Chemistry of collaboration

The Asian Age.  | Garima Arora

Entertainment, Music

Singer and composer Karsh Kale believes that no software can match the chemistry that is sparked when musicians come together to make music.

Karsh Kale

From Norah Jones to Anoushka Shankar, Alicia Keys to Herbie Hancock, singer and composer Karsh Kale has collaborated with numerous international artistes, creating music with a unique identity of its own. He believes that collaborations help in the growth of musicians to a great extent. “I believe that the experience of collaboration, even simply as an exercise, helps musicians grow in ways that no solo practice can. Collaboration often doesn’t ask you to do the easy stuff you already know, but rather challenges you to pull out the tougher ideas that you think you aren’t capable of executing. It’s much like a sports team, where there is much to learn sitting across from other artistes,” says Karsh, adding, “I have a library of creative inspiration to draw from, mainly because I spent years and years collaborating with musicians from all walks of life.”

He further elaborates, “The years have proven one thing to me — that there is no software, controllers, loopers, or other gear on this planet that can come close to replacing the chemistry that is sparked when musicians come together to make music. The ideas always remain human. I think young artists need to be less concerned with what gear they are using, and focus on gaining more human experience.”

Studio Science experience
Karsh was recently featured in the first Indian instalment of “Studio Science”, an initiative of Red Bull Music academy, where artistes open up about their music sensibilities and give various tips and tricks to young and aspiring musicians. In the 15-minute episode, Karsh shares how he discovered his love for the tabla, an instrument he believes has “so much possibility.”

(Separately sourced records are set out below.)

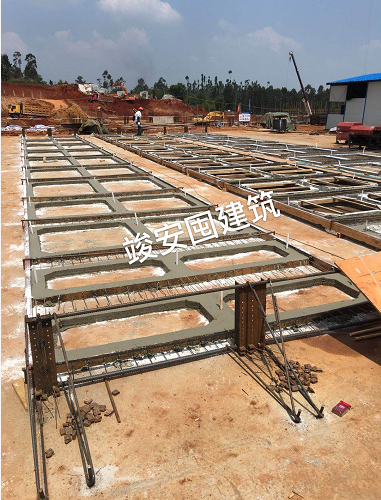 服務(wù)熱線: 四川竣安囤建筑工程有限公司為專業(yè)預(yù)應(yīng)力拱板施工公司,公司注冊資本為1000萬元。公司經(jīng)營范圍:住宅房屋建筑、房屋建筑工程、市政公用工程、土石方工程服務(wù)、防水防腐保溫工程、鋼結(jié)構(gòu)工程、橋梁工程、公路交通工程、地基基礎(chǔ)工程、園林綠化工程施工、水利水電工程、建筑裝飾工程、建筑勞務(wù)分包、砼結(jié)構(gòu)構(gòu)件制造、預(yù)應(yīng)力工程專業(yè)承包。 公司現(xiàn)有專業(yè)技術(shù)人員22人,均從事預(yù)應(yīng)力拱板施工超過10余年,技術(shù)力量強(qiáng)大,現(xiàn)場施工經(jīng)驗(yàn)豐富,能適應(yīng)各種預(yù)應(yīng)力拱板施工,專業(yè)技術(shù)工人500余人,專業(yè)隔板施工人員60人,木工120人,鋼筋工90人,混凝土工150人,專業(yè)電工、焊工20余人,專業(yè)張拉機(jī)手35人,專業(yè)拱板高空滑移就位人員50人,能進(jìn)行10余個(gè)工地同時(shí)施工。 公司先后承建了中儲(chǔ)糧荊門直屬庫掇刀分庫、中儲(chǔ)糧監(jiān)利直屬庫、 湖北省荊州川店儲(chǔ)備庫、湖北省咸寧儲(chǔ)備庫、湖南岳陽儲(chǔ)備庫、廣安火車站中直糧庫、湖北江陵儲(chǔ)備庫、湖北孝感儲(chǔ)備庫、廣安武勝國家糧庫、重慶秀山國家糧庫、云南玉溪紅塔區(qū)糧庫、云南西山區(qū)國家糧庫、云南曲靖陸良國家糧庫、云南江川糧庫、云南曲靖市糧庫、四川瀘縣嘉明糧庫、四川邛崍固驛種子庫、四川遂寧安居中直庫、云南石林糧倉、云南楚雄牟定糧庫、云南綏江縣糧庫、四川廣安儲(chǔ)備庫、云南盈江拆舊建新糧庫、貴州畢業(yè)糧庫、云南嵩明糧庫、重慶南川儲(chǔ)備庫、云南石林糧庫、遂寧直屬庫安居分庫、云南祿勸糧庫、綿陽三臺(tái)直屬庫、重慶渝西南糧庫、重慶墊江儲(chǔ)備庫、重慶永川儲(chǔ)備庫、重慶梁平儲(chǔ)備庫、重慶忠縣儲(chǔ)備庫、重慶江津儲(chǔ)備庫、重慶黔江儲(chǔ)備庫、黔江軍糧站、成都新都儲(chǔ)備庫、四川彭州儲(chǔ)備庫、四川蒙陽儲(chǔ)備庫、四川什邡儲(chǔ)備庫、四川遂寧儲(chǔ)備庫、廣安回龍儲(chǔ)備庫、達(dá)州開江物流園儲(chǔ)備庫、大理巍山儲(chǔ)備庫、大理云龍儲(chǔ)備庫、大理祥云儲(chǔ)備庫、云南威信儲(chǔ)備庫、昆明祿勸儲(chǔ)備庫、普洱景東儲(chǔ)備庫、臨滄雙江儲(chǔ)備庫、昭通大關(guān)儲(chǔ)備庫、楚雄南華儲(chǔ)備庫,庫房跨度24米。 公司專業(yè)承接預(yù)應(yīng)力拱板板制作,采用空中預(yù)制施工工藝,僅需在室內(nèi)地面進(jìn)行拱板隔板預(yù)制。重點(diǎn)在高空利用原有部分圈梁進(jìn)行加固改造形成張拉臺(tái)座,完成下弦板預(yù)應(yīng)力張拉,一次性完成拱板屋架混凝土澆筑,待拱板屋架整體砼達(dá)到設(shè)計(jì)強(qiáng)度時(shí),實(shí)施放張,用千斤頂頂起拱板放置專用滑輪車上,運(yùn)用卷揚(yáng)機(jī)在水平圈梁上滑移至設(shè)計(jì)安裝位置。本工藝不需搭設(shè)滿堂腳手架(僅局部搭設(shè)),不需大型機(jī)械吊裝,不需大型堆碼場地,比地下預(yù)制成本低,安全可靠。比滿堂腳手架耗材少,是一種經(jīng)濟(jì)實(shí)用型工藝。
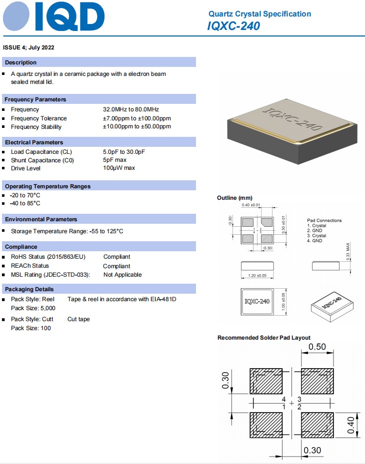 IQD晶振公司提供頻率產品是世界上最小的石英晶體IQXC-240,小體積尺寸僅為1.2x1.0mm毫米,石英晶體諧振器,高度僅為0.33毫米。IQXC-240的頻率范圍為36MHz至80MHz,非常適合物聯網、VGA、USB和Wi-Fi等空間寶貴的應用。在-20至70°C的商用溫度范圍內,SMD晶振 頻率穩定性可低至10ppm,在-40至85°C的工業溫度范圍內,頻率穩定性可低至15ppm,頻率容差可低至7ppm。符合最新一代微處理器的要求,負載電容可低至5pF。封裝在帶有電子束密封金屬蓋的4焊盤陶瓷密封封裝中,有助于將EMI輻射降至最低。根據IEC 60068-2-27標準,該產品能夠承受高達1000G的沖擊。根據EIA-481D,IQXC-240可提供磁帶和卷軸。石英晶體IQXC-240有助于將EMI輻射降至最低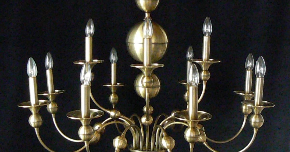12 Arms Stained Dutch Chandelier Made Of Manually Pressed Brass Parts Antik Bohemian Glass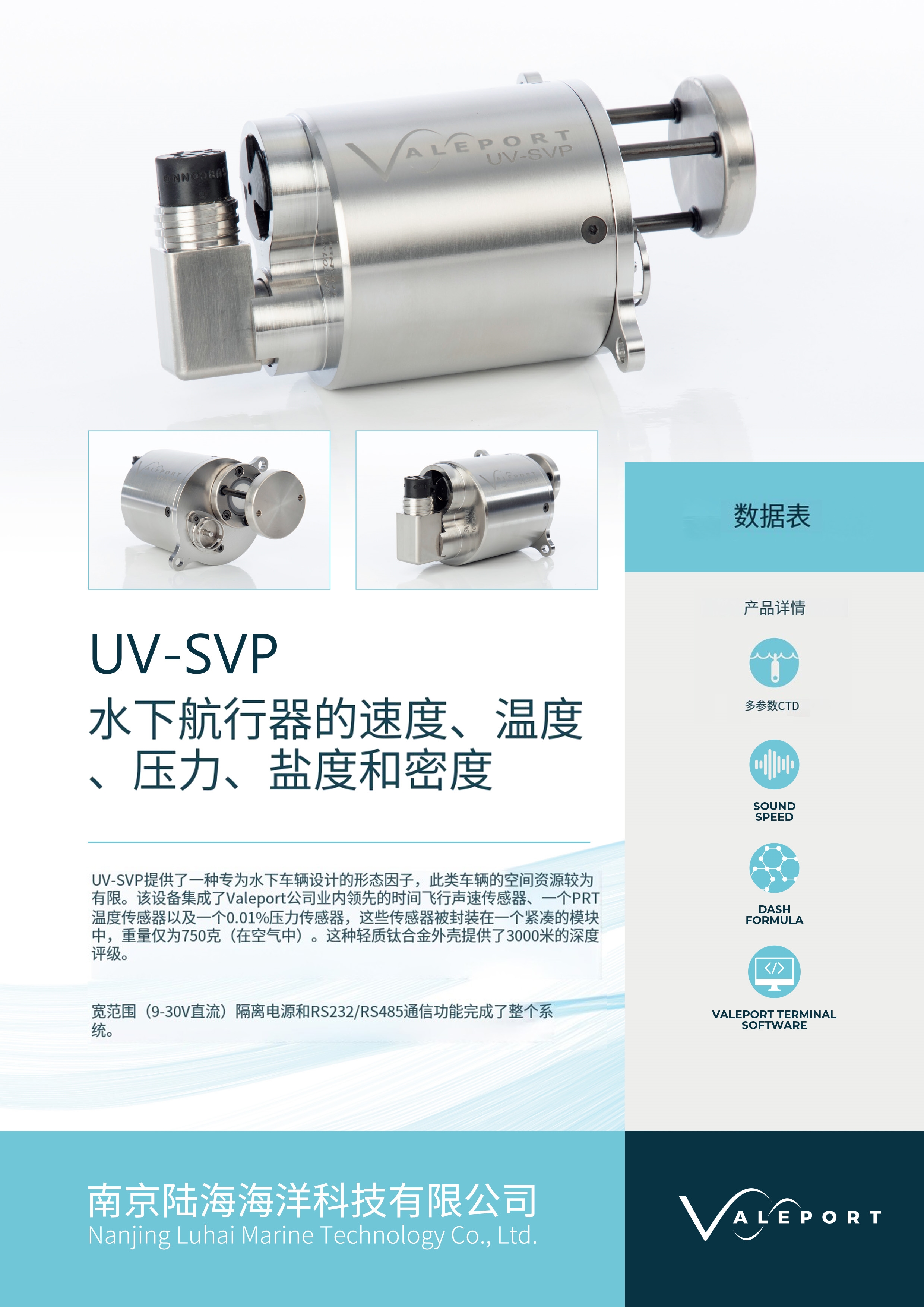 Valeport UV SVP声速剖面仪核心功能与目的实时声速测量: 其核心功能是在仪器下放过程中,直接、实时地测量水体中的声速值(通常单位:米/秒),而非通过温度、盐度、压力间接计算得到。生成声速剖面: 通过连续测量不同深度点的声速,仪器在单次下放过程中即可生成一条完整的、高分辨率的声速随深度变化的剖面图。关键应用: 精确的声速剖面数据对于以下领域至关重要:水声学: 水下声纳系统(多波束测深、侧扫声纳、声学通信、目标探测)的校准和数据处理,声波传播路径预测。声速误差是多波束测深的主要误差源之一。海洋测绘: 提高测深精度,尤其是在深水和声速梯度变化大的区域。水文测量与调查: 海洋物理研究、环境监测、资源勘探。水下定位与导航: 为水下机器人(AUV/ROV)、潜水器等提供精确的声速环境信息。地球物理学: 辅助地震勘探等。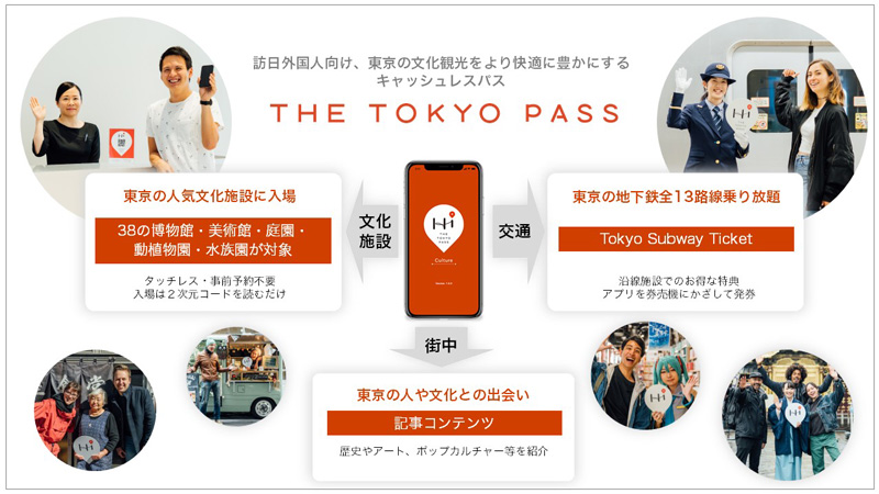 本サービスはコロナ禍からのインバウンド回復に向け、東京の文化観光体験の拡充を目指して、都内の国公立・私立の38の博物館・美術館・庭園・動物園・水族園・植物園等の文化施設の入場と、全ての地下鉄が乗り放題になる「Tokyo Subway Ticket」で構成するインバウンド向け周遊パスです。パスの購入から施設への入場まで全てスマートフォン上で完結します。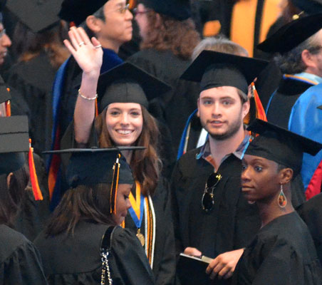 …for a personal message. I’m in Florida on a family vacation for the magna cum laude graduation of my younger daughter from the University of Tampa. That’s her with her boyfriend in the photo above as she arrived at her seat following the processional.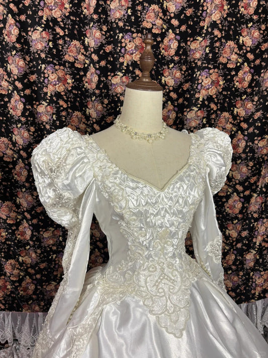 Vintage Leg of Mutton Sleeve V-Neck Pleated Ruffled Satin Floor-Length Wedding Dress P2992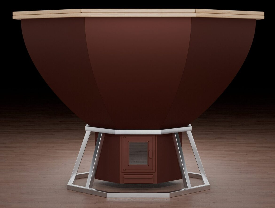 Внешняя дровяная печь. Располагается рядом с чаном и соединяется с ним патрубками. Этот вариант безопасен, так как нет прямого контакта с горячими элементами внутри купели, и освобождает дополнительное пространство в чаше.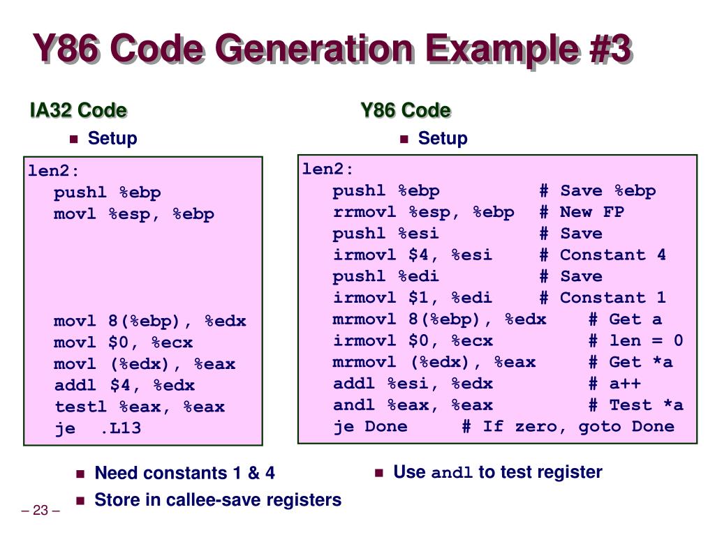 a 5043 6125 3 7395 0 Writing Y86 Code • Try to Use C Compiler as Much as Possible • Write code in C • Compile for IA32 with gcc –O1 –S • Transliterate into Y86 • Coding Example • Find number of elements in null-terminated list int len1(int a[]);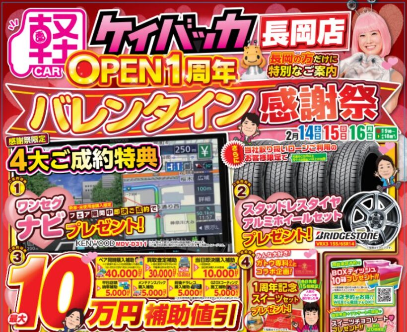 株式会社川内自動車(新潟市秋葉区)は同社が展開する軽未使用車専門店「ケイバッカ長岡店」(長岡市喜多町)がオープン1周年を迎えるにあたり「ケイバッカ長岡店オープン1周年記念バレンタイン感謝祭」を開催する。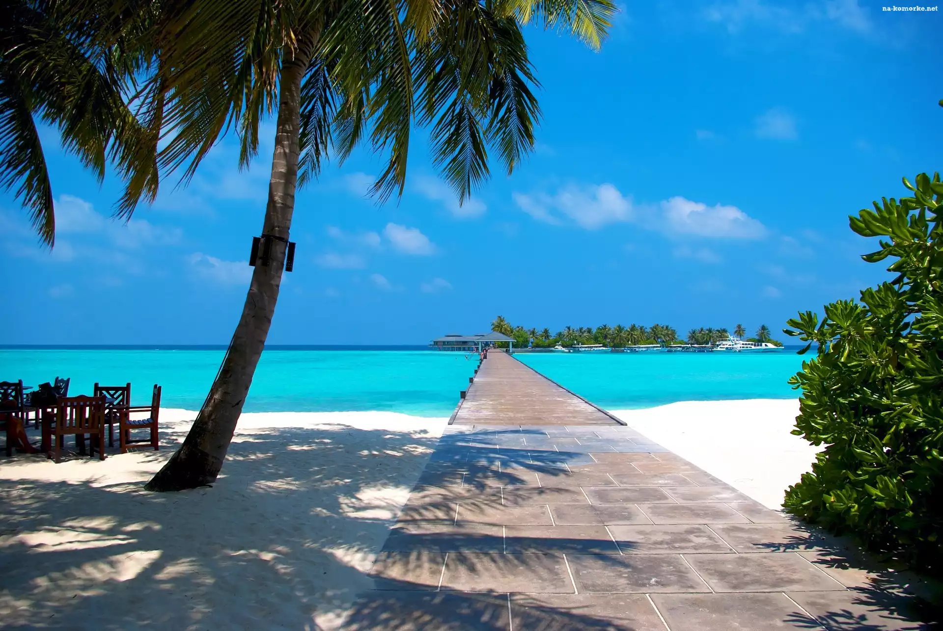 Morze, Malediwy, Plaża, Palmy na Komórkę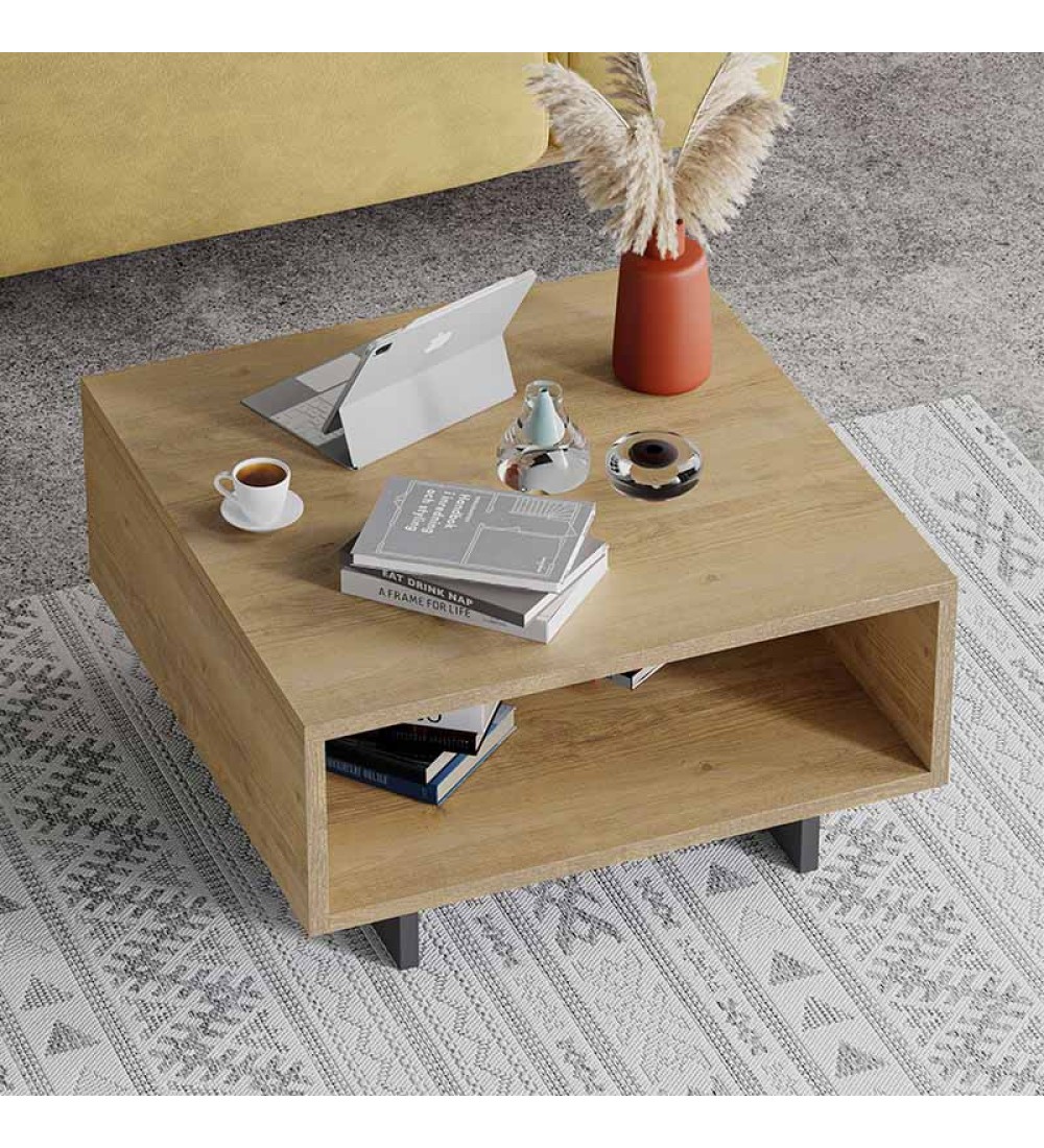Τραπεζάκι σαλονιού Φυσικό οξιάς- Ανθρακί 60x60x32εκ. (εισαγωγής)

“For many, the studio experience remains a mystery. The studio is the kind of place where there is no one particular approach, so it’s nice to inspire young artists to innovate and design their own experience. This time I also wanted to focus on inspiring people to create an ensemble or a band. Technology allows us to do it all ourselves nowadays, so I felt it was my duty to remind the audience that music in the end is about people interacting,” he shares.

Electric tabla
As someone who is constantly intrigued by the possibilities of electronic music, Karsh says that he created an internally miked tabla out of necessity. “As an acoustic instrument, sharing the stage with drums, guitars and generally loud instrumentation relegates tabla to a simple percussion instrument and not the incredibly expressive instrument that it is in classical music. Once I was able to blend tabla with electronic sounds, I realised that its possibilities were endless,” he explains.

Electronic music
Modern electronic music has little to do with geography. According to Karsh, electronic music is going to have the same scope in India as anywhere else in the world. “Kids in Delhi are making the same music as kids in Berlin and kids in Detroit, etc., and people all over the world are consuming all of it,” he elucidates.